Royal Caribbean's Oasis of the Seas houses 2,700 guest cabins and can accommodate 6,300 passengers and 2,160 crew members

The world's longest cruise ship posed knotty wireless networking problems but also provided Royal Caribbean the opportunity to pounce on iPhones, touchscreens and MPLS networking in order to deliver luxury services.

Royal Caribbean's Oasis of the Seas houses 2,700 guest cabins and can accommodate 6,300 passengers and 2,160 crew members. The wired VoIP phone network has 4,000 extensions including one in each passenger cabin. There are 1,100 IP surveillance cameras to monitor activity aboard ship, and 370 Cisco plasma and LCD IP touch screen signs placed around the ship post notices of daily activities. The screens can also be used by passengers to get directions to other locations on the ship, according to Max Schmidt, associate vice president of IT and operations, and Greg Martin, network manager for the cruise line.

All that gear is complex enough without introducing a Wi-Fi network that has to function inside spaces defined by metal hulls and bulkheads that wreak havoc with wireless broadcast patterns. "It's a challenging environment," Martin says. The ship is divided into zones that can be shut off with fire doors so impermeable that closing them actually alters the effective range of some of the access points, he says. "We need additional access points for that or the wireless signals will not penetrate," Martin says.

In all, it takes more than 900 access points -- all the gear is from Cisco -- to supply pervasive coverage throughout the vessel. Every cabin has wireless access, for IP phones or for Internet connectivity, and the cabin doors are heavy enough to affect wireless signals, he says.

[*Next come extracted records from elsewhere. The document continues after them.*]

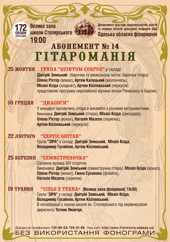 Программа Exotic Guitar будет представлена группой «ЗИРА» и струнным квартетом. За фортепиано – В. Демидова. На концерте прозвучат также скрипка, виолончель, кларнет, бас, альт, контрабас и, конечно же, гитара.
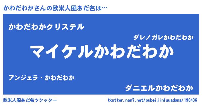 | 男性向けラノベタイトル風あだ名 | 『カワダワカアートオンライン』 |
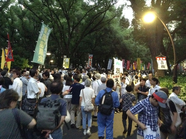 <安保法案>「戦争させない」2万人超が反対集会15日の安全保障関連法案の衆院特別委員会採決を前に、法案に反対する市民らが14日、東京・日比谷野外音楽堂で集会を開き、「戦争法案の廃案を」「強行採決は絶対反対」などと訴え、国会周辺をデモ行進した。集会は「戦争させない・9条壊すな!総がかり行動実行委員会」が主催。日比谷の会場には2万人以上(主催者発表)が詰めかけた。野党国会議員や作家が登壇して「安倍政権の暴挙と闘う」などと気勢を上げ、プラカードやのぼりを手にした市民の熱気に包まれた。福岡県八女市から夫婦で参加した無職(62)は「3歳の孫が大きくなったときに戦争に行くことがないようにしたい」と力を込めた---私も、参加しました。遅れて行ったので、野外音楽堂は満員でぜんぜんは入れませんでしたが、デモ行進には参加しました。本日衆議院で採決だといいます。参議院は、60日ルールで採決できなくてもやり過ごす算段のようです。議論を尽くすのではなく、国会の数の力で押し通そうということです。断固として反対です。
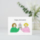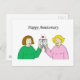 Two women toasting each other with glasses of champagne and the words 'Happy Anniversary'.
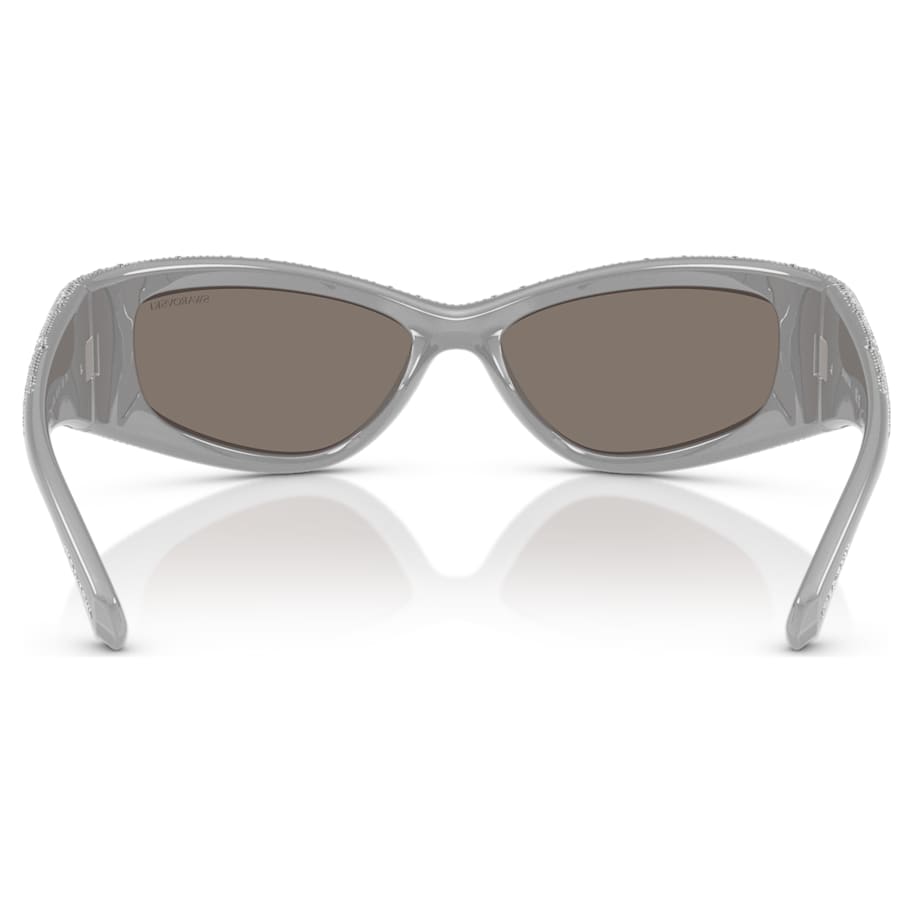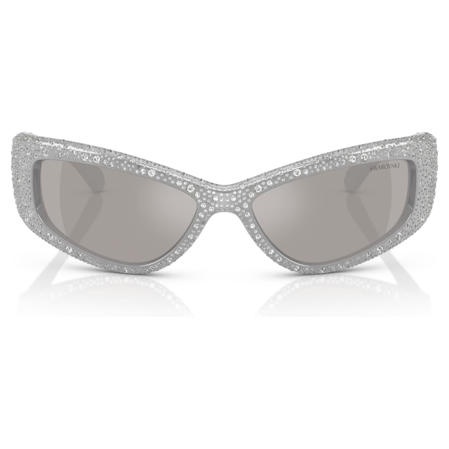 Sleek, stylish, and showcasing the season’s most distinctive style, these Sublima-inspired sunglasses are crafted with irregular wraparound frames in silver-tone acetate. Around 1,760 clear crystals in three different sizes cover the entire surface, positioned by hand in a Meteora pattern in a refined pavé effect that shimmers from every angle. Completed with dark gray lenses, these striking sunglasses will transform your everyday looks.

Planners first designed the wireless network based on best estimates of how signals would be affected by the materials that make up the ship. Then as they were deployed within the ship, each access point was tweaked for power and orientation to achieve full coverage, Martin says.

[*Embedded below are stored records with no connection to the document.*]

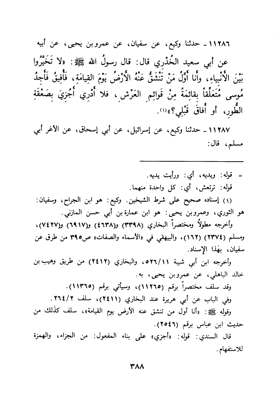 ١١٢٨٦ - حَدَّثَنَا وَكِيعٌ، عَنْ سُفْيَانَ، عَنْ عَمْرِو بْنِ يَحْيَى، عَنْ أَبِيهِ، عَنْ أَبِي سَعِيدٍ الْخُدْرِيِّ، قَالَ: قَالَ رَسُولُ اللهِ صَلَّى اللهُ عَلَيْهِ وَسَلَّمَ: " لَا تُخَيِّرُوا بَيْنَ الْأَنْبِيَاءِ، وَأَنَا أَوَّلُ مَنْ تَنْشَقُّ عَنْهُ الْأَرْضُ يَوْمَ الْقِيَامَةِ، فَأَفِيقُ فَأَجِدُ مُوسَى مُتَعَلِّقًا بِقَائِمَةٍ مِنْ قَوَائِمِ الْعَرْشِ، فَلَا أَدْرِي أَجُزِيَ بِصَعْقَةِ الطُّورِ، أَوْ أَفَاقَ قَبْلِي " (١)
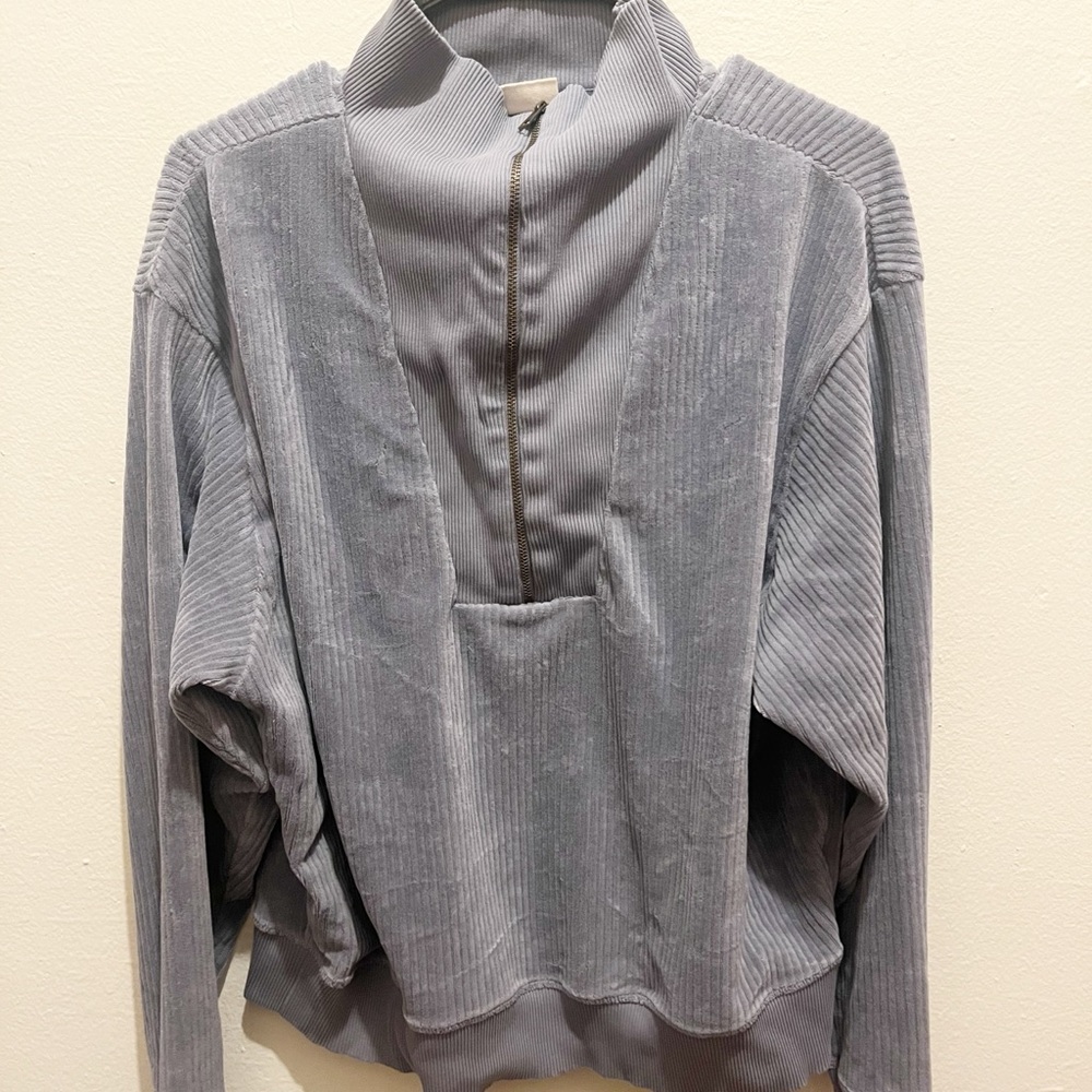 The comfiest sweater! Size tag has been removed but it fits like a large
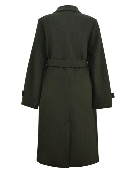 Стильное женское демисезонное удлиненное пальто прямого силуэта, выполненное из мягкой буклированной ткани цвета черный меланж. Английский воротник. Крупные пуговицы. Карманы втачные с клапанами. С поясом. По задней планке шлица. Длина по спине: 115 см.
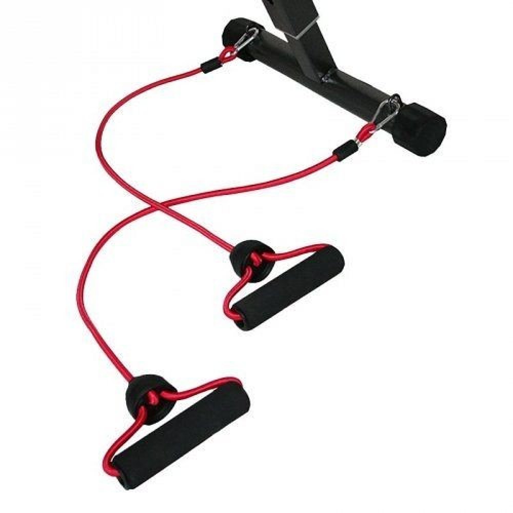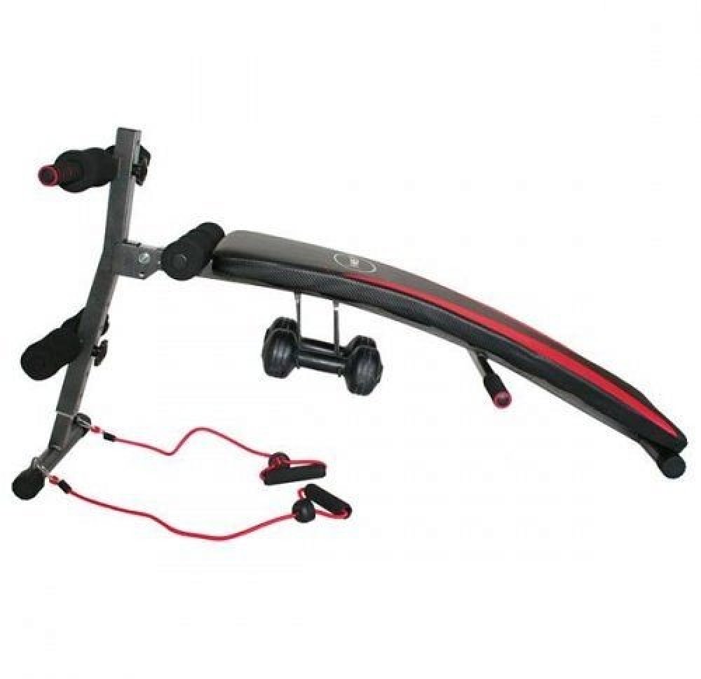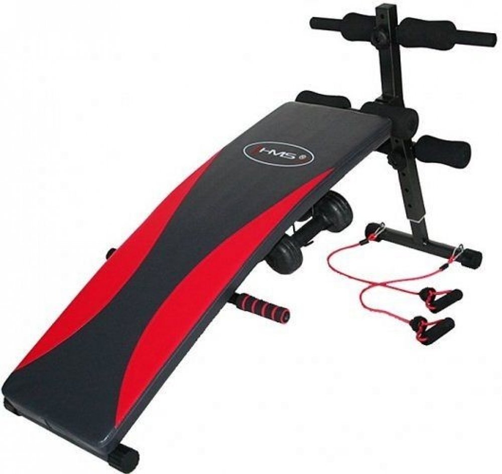 Šikmá lavička se závažím určena pro domácí použití. Je určena k tréninku břišních svalů, boků a páteře. Díky vinylovým činkám může uživatel provádět trénink horní poloviny těla.

"It was a greenfield design, but a ship changes over time," he says. So the wireless team visited it during construction to test out how well the access points worked on site. Sometimes the optimal location for an access point was unsuitable for architectural reasons, requiring relocation and more tweaking, he says. "Typically we have to work around the design requirements of the ship," he says.

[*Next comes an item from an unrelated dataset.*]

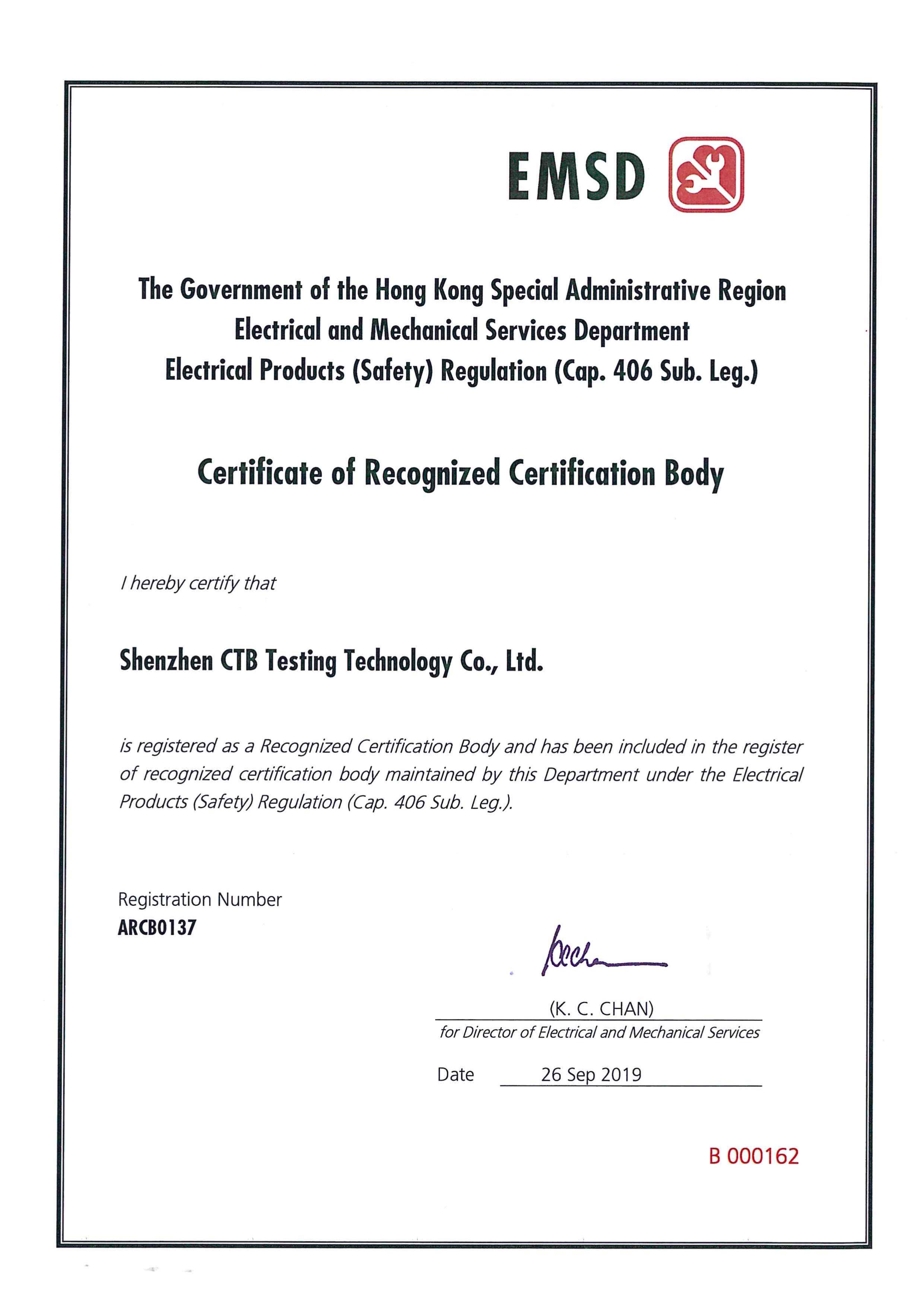 香港機電署授權證書

One challenge was that for the many types of network users -- various classes of crew and passenger voice, Internet access, and data -- designers thought they would need 13 different SSIDs for the network. "That's not necessarily within the realm of best practices," Schmidt says. They managed to get that number down to five and resorted to using multiple virtual LANs over some of them. Cisco wireless control points impose priority for voice and video access over data, Martin says.

Passengers can rent pairs of iPhones on board that are loaded with ship-specific applications. For instance, there's a location-finding app that maps where the partner phone is so passengers can easily track traveling companions. Passengers can also rent Ekahau asset tags they attach to their children. When the children move, the tags tell an iPhone app where they've gone and it's displayed on the phone's screen. The phones also display daily shipboard activities.

The iPhones are also used for passengers' shipboard voice communications. (The crew uses Cisco mobile VoIP phones.) If passengers want to call to shore, they can do so either on their cell phones or with the wired VoIP phones in their cabins. GSM cell calls link either directly to cell towers ashore when the ship is in range, or through a shipboard cell tower that kicks in when the ship is out of range of a cell tower on shore. The cell tower is managed by AT&T's Wireless Maritime Services and bounces signals off satellites to reach a WMS ground station. Passenger phone calls from their cabins travel via satellite to Royal Caribbean's headquarters network on land, then out to the public phone network.

The ship uses a 4Mbps down, 2Mbps up C-band satellite connection to reach shore. The service can burst above that, but at a premium. "It's managed very tightly," Schmidt says, in order to keep costs down. "We time transmissions for applications during known downtimes in demand." The liner also uses WAN optimization gear from Blue Coat and Riverbed to make more efficient use of these links.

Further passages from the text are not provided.